There are two main types of tariffs: fixed fee and ad valorem. Fixed fee tariffs are typically used on items where the item's value is not easily determined, such as on imports of services. Ad valorem tariffs are typically used on items where the item's value is easily determined, such as on imports of goods.
The exclusion limit is the maximum value of an estate exempt from estate taxes. In 2023, the federal exclusion limit is $12.92 million, up from $12.06 million in 2022. Any estate worth more than $12.92 million will be subject to estate taxes. Surviving spouses are exempt from estate taxes if a married couple's estate is worth less than $12.92 million. This means that if you are a single person with an estate worth more than $12.92 million, your estate will be subject to estate taxes. If you are married, your estate will only be subject to estate taxes if it is worth more than $12.92 million.
The tax code is complex, and many taxes have different due dates. Failure to pay on time and/or the correct amount will result in tax delinquency.
After failing to pay the correct amount of tax to the taxation authorities, several penalties may be charged, including:
A penalty assessment that results in a single fee or charge.
An interest assessment with escalating penalties based on the length of the delinquency.
A lien is placed on the underlying assets if the delinquent party cannot pay their debts.
Access or service denial for transaction-related taxes (i.e., tariffs).
A tax lien or seizure on firm property tied to a business transaction.
Why Do We Pay Taxes?
We pay taxes to support the Government. Most governments rely on taxes to fund their operations. This revenue is used to improve and maintain public infrastructures, such as roads and bridges, and to provide public services, such as education and law enforcement.
How Do Income Taxes Work in the U.S.?
The U.S. has a progressive tax system, meaning taxpayers who earn more pay a higher percentage of their income in taxes than those who earn less. There are seven federal tax brackets in the U.S., with rates ranging from 10% to 37%.
Are U.S. Taxes Low?
The Tax Policy Center states that in 2018, the taxes in the United States only represented 24% of the country's gross domestic product. However, in other developed nations, the average was 34%. This means that taxes make up a more significant portion of the GDP in other countries, meaning that people are paying more taxes.
Who Needs to Pay Taxes?
The taxpayer will vary depending on the kind of tax and related regulations. People who earn income from wages or investments are subject to federal income tax.
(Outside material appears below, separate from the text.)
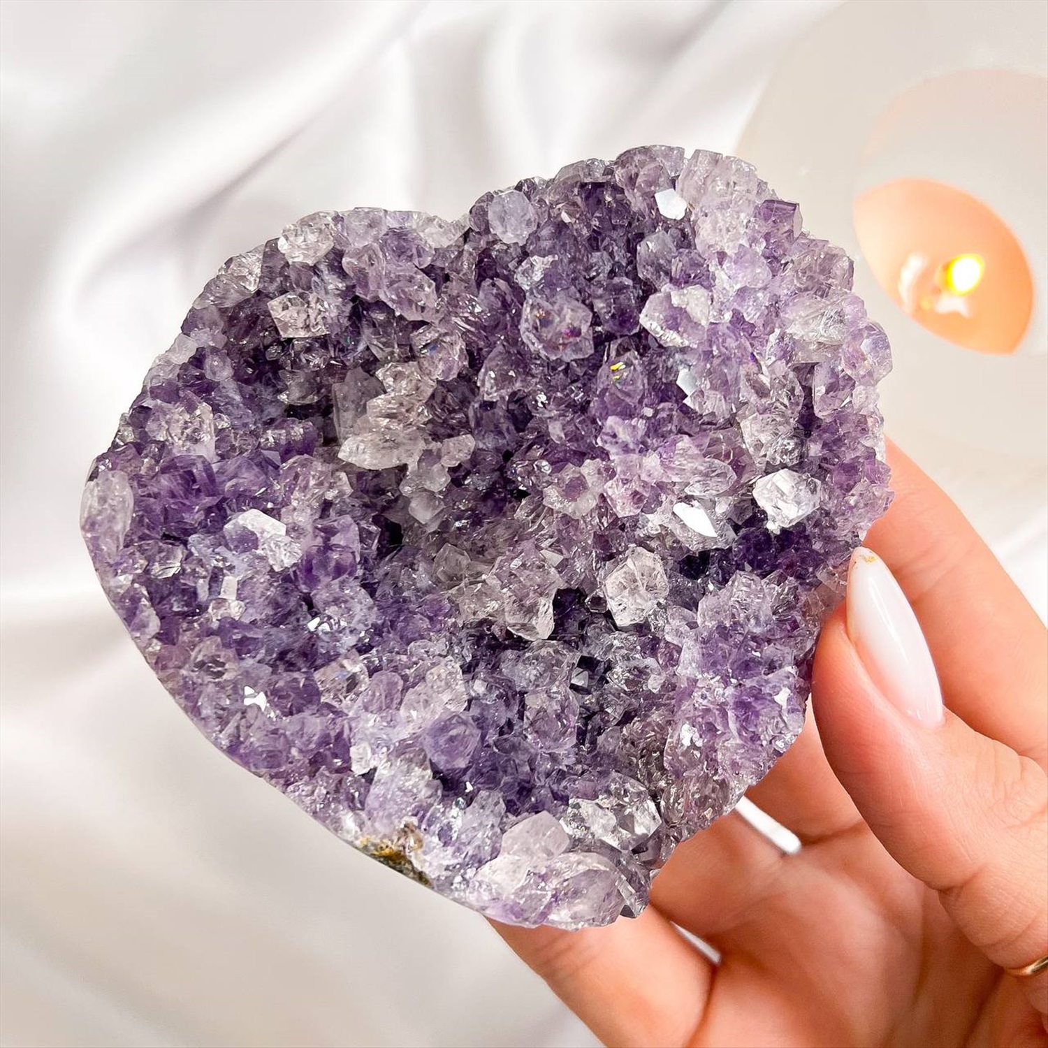 Производитель: Радуга Самоцветов; Цвет камня: Фиолетовый; Месторождение: Бразилия; Камень: Аметист; Поверхность: Необработанный; Размер: 8х9 см

Businesses may be subject to corporate taxes, depending on the type of business and where it does business. Federal income tax only applies to people who have earned a certain amount, while corporate taxes may only apply to companies that have done business in a specific area. Each tax has different rules and qualifications.
The Bottom Line
Taxes come in various forms, and there are numerous methods to start them. Taxpayers can manage their money and employ strategies like annual tax-loss harvesting and estate planning to lessen the effects of taxes.